Exercise objective:
Make an exact copy of the records below, excluding images.

(Items from a dataset)
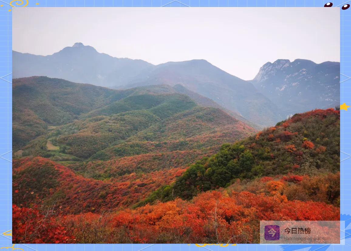 最佳观赏带集中在少室山三皇寨—五乳峰—五花坪一线,从少林寺前一路蜿蜒到山顶,俯瞰古刹金顶,别有一番“禅意枫景”。
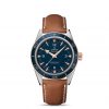 Presented on a brown leather strap, this timepiece includes a transparent sapphire crystal caseback, enabling a clear view of the OMEGA Co-Axial Master Chronometer Calibre 8912.
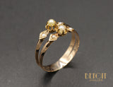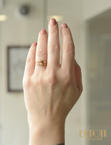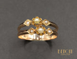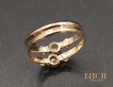 Bague de jeune fille en or rose 750 millièmes composée d'un double anneau. Au centre de chaque anneau est sertie une perle fine sur chaton gaufré. Deux losanges, sertis d'une perle fine plus petite, encadrent les têtes de bague. Corps de bague fin, biseautés et en quinconce.
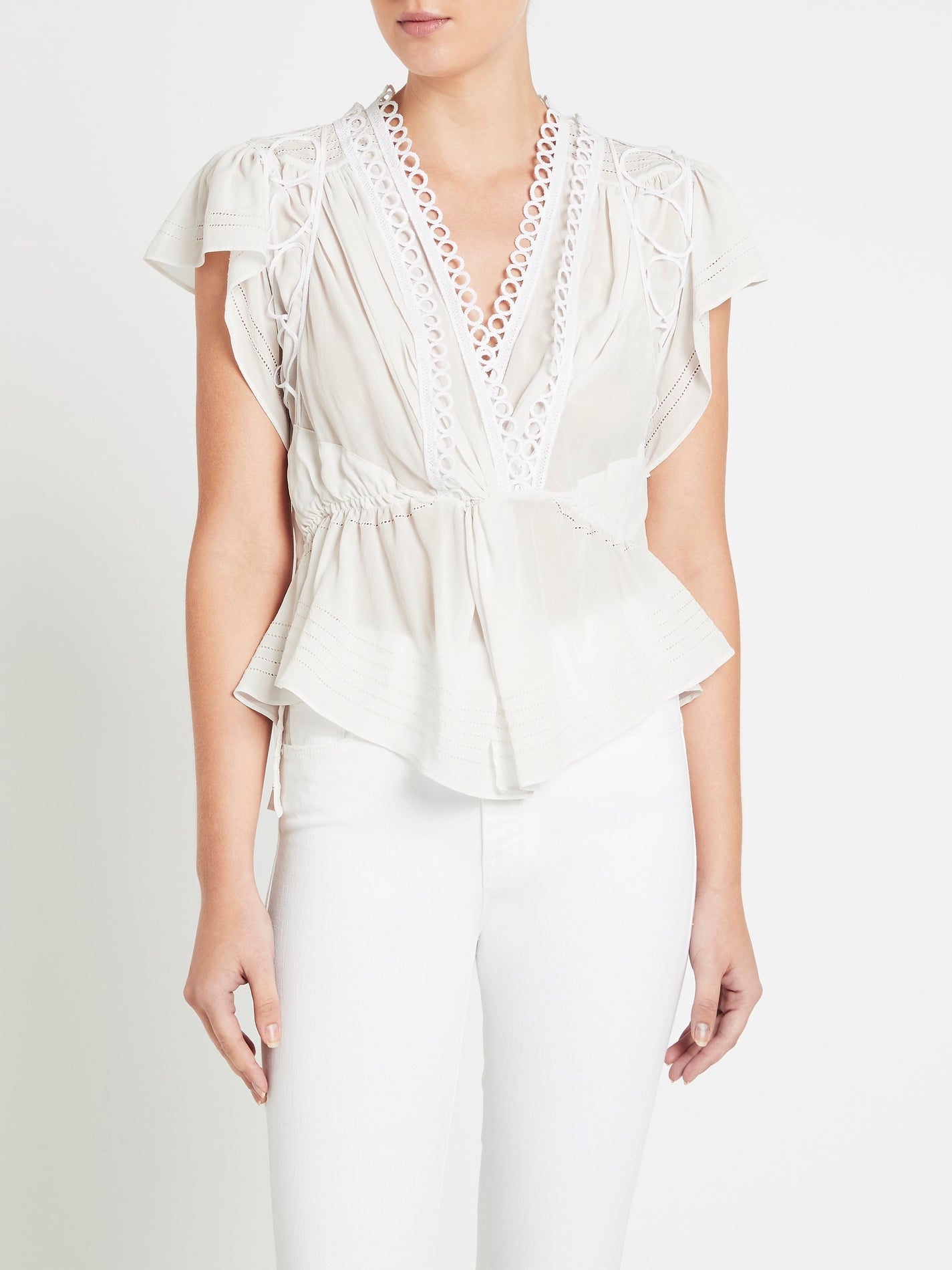Feel the fantasy in the IRO Mint Top in White. Made from 100% silk, this delicate top features lace paneling, a romantic V-shaped neckline, cap sleeves with a cascading ruffle, and a slightly-gathered waist. The Mint Top was made for your next romantic escape.
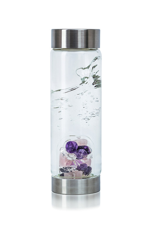 La tua acqua viene caricata con pura essenza di cristallo, e il tappo con cordicella lo rende facile da trasportare ovunque tu vada.
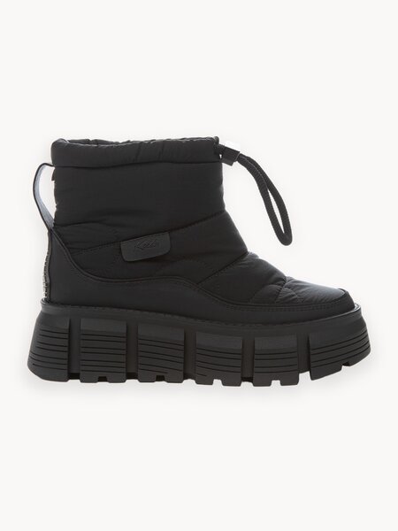 Практичные зимние полусапоги созданы для отдыха на природе. Модель из бежевого стеганого нейлона и черного высокотехнологичного нубука утеплена подкладкой и стелькой из шерсти. Затягивающийся эластичный шнур позволяет регулировать ширину голенища. Высокая платформа сочетается с удобной амортизирующей подошвой.
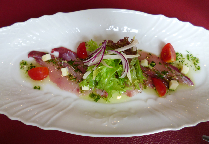 前菜 「イナダのカルパッチョ 香草ソース」 うまうましてる間に、お客様がだんだん増えてきました。 わいわいぺちゃくちゃ。 ここでは、ゆっくりお話しが楽しめます。
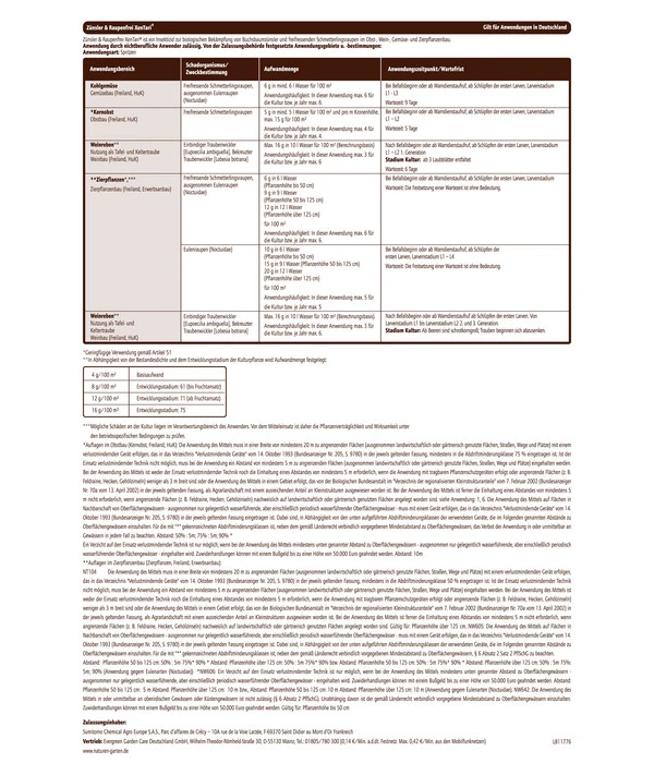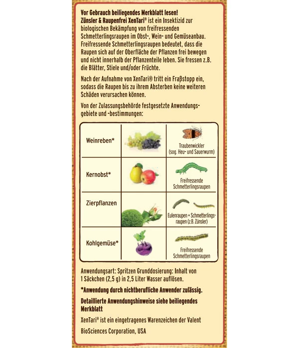 Substral® Naturen® Bio Zünsler & Raupenfrei Xen Tari® ist ein rein biologisches Spritzmittel auf Basis des Bakteriums Bacillus thuringiensis hat. Substral® Naturen® Bio Zünsler & Raupenfrei Xen Tari® erfasst die • Freifressenden Schmetterlingsraupen an Kernobst sowie die • Freifressenden Eulenarten an Kohlgemüse im frühen Larvenstadium und bekämpft sie wirkungsvoll. Auch den Traubenwickler am Weinstock und die Raupen von Zünslern können Sie mit dem Mittel vernichten. So halten Sie Ihre Zierpflanzen, Ihre Obstbäume, den Weinstock und die Gemüsepflanzen frei von Fressfeinden. Substral® Naturen® Bio Zünsler & Raupenfrei Xen Tari® ist nicht bienengefährlich und für den ökologischen Landbau zugelassen.
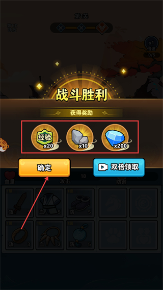 4、戰(zhàn)斗勝利點(diǎn)擊【確定】領(lǐng)【經(jīng)驗(yàn)-乘20】【石頭-乘10】【鉆石-乘200】,積累資源提角色。
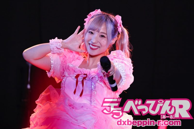 栄川乃亜ちゃんは「久しぶりに2曲で緊張している」とオリジナル曲の『世話焼きガール』と『Kazamidori』を披露。フリフリのアイドル衣装を身にまとい、かわいい振り付けで観客を虜にします。特に『Kazamidori』のクルクルの振り付けではサイリウムが客席のあちらこちらから振られ大盛り上がりでした!

Reply to the exercise:
 最佳观赏带集中在少室山三皇寨—五乳峰—五花坪一线,从少林寺前一路蜿蜒到山顶,俯瞰古刹金顶,别有一番“禅意枫景”。
 Presented on a brown leather strap, this timepiece includes a transparent sapphire crystal caseback, enabling a clear view of the OMEGA Co-Axial Master Chronometer Calibre 8912.
 Bague de jeune fille en or rose 750 millièmes composée d'un double anneau. Au centre de chaque anneau est sertie une perle fine sur chaton gaufré. Deux losanges, sertis d'une perle fine plus petite, encadrent les têtes de bague. Corps de bague fin, biseautés et en quinconce.
Feel the fantasy in the IRO Mint Top in White. Made from 100% silk, this delicate top features lace paneling, a romantic V-shaped neckline, cap sleeves with a cascading ruffle, and a slightly-gathered waist. The Mint Top was made for your next romantic escape.
 La tua acqua viene caricata con pura essenza di cristallo, e il tappo con cordicella lo rende facile da trasportare ovunque tu vada.
 Практичные зимние полусапоги созданы для отдыха на природе. Модель из бежевого стеганого нейлона и черного высокотехнологичного нубука утеплена подкладкой и стелькой из шерсти. Затягивающийся эластичный шнур позволяет регулировать ширину голенища. Высокая платформа сочетается с удобной амортизирующей подошвой.
 前菜 「イナダのカルパッチョ 香草ソース」 うまうましてる間に、お客様がだんだん増えてきました。 わいわいぺちゃくちゃ。 ここでは、ゆっくりお話しが楽しめます。
 Substral® Naturen® Bio Zünsler & Raupenfrei Xen Tari® ist ein rein biologisches Spritzmittel auf Basis des Bakteriums Bacillus thuringiensis hat. Substral® Naturen® Bio Zünsler & Raupenfrei Xen Tari® erfasst die • Freifressenden Schmetterlingsraupen an Kernobst sowie die • Freifressenden Eulenarten an Kohlgemüse im frühen Larvenstadium und bekämpft sie wirkungsvoll. Auch den Traubenwickler am Weinstock und die Raupen von Zünslern können Sie mit dem Mittel vernichten. So halten Sie Ihre Zierpflanzen, Ihre Obstbäume, den Weinstock und die Gemüsepflanzen frei von Fressfeinden. Substral® Naturen® Bio Zünsler & Raupenfrei Xen Tari® ist nicht bienengefährlich und für den ökologischen Landbau zugelassen.
 4、戰(zhàn)斗勝利點(diǎn)擊【確定】領(lǐng)【經(jīng)驗(yàn)-乘20】【石頭-乘10】【鉆石-乘200】,積累資源提角色。
 栄川乃亜ちゃんは「久しぶりに2曲で緊張している」とオリジナル曲の『世話焼きガール』と『Kazamidori』を披露。フリフリのアイドル衣装を身にまとい、かわいい振り付けで観客を虜にします。特に『Kazamidori』のクルクルの振り付けではサイリウムが客席のあちらこちらから振られ大盛り上がりでした!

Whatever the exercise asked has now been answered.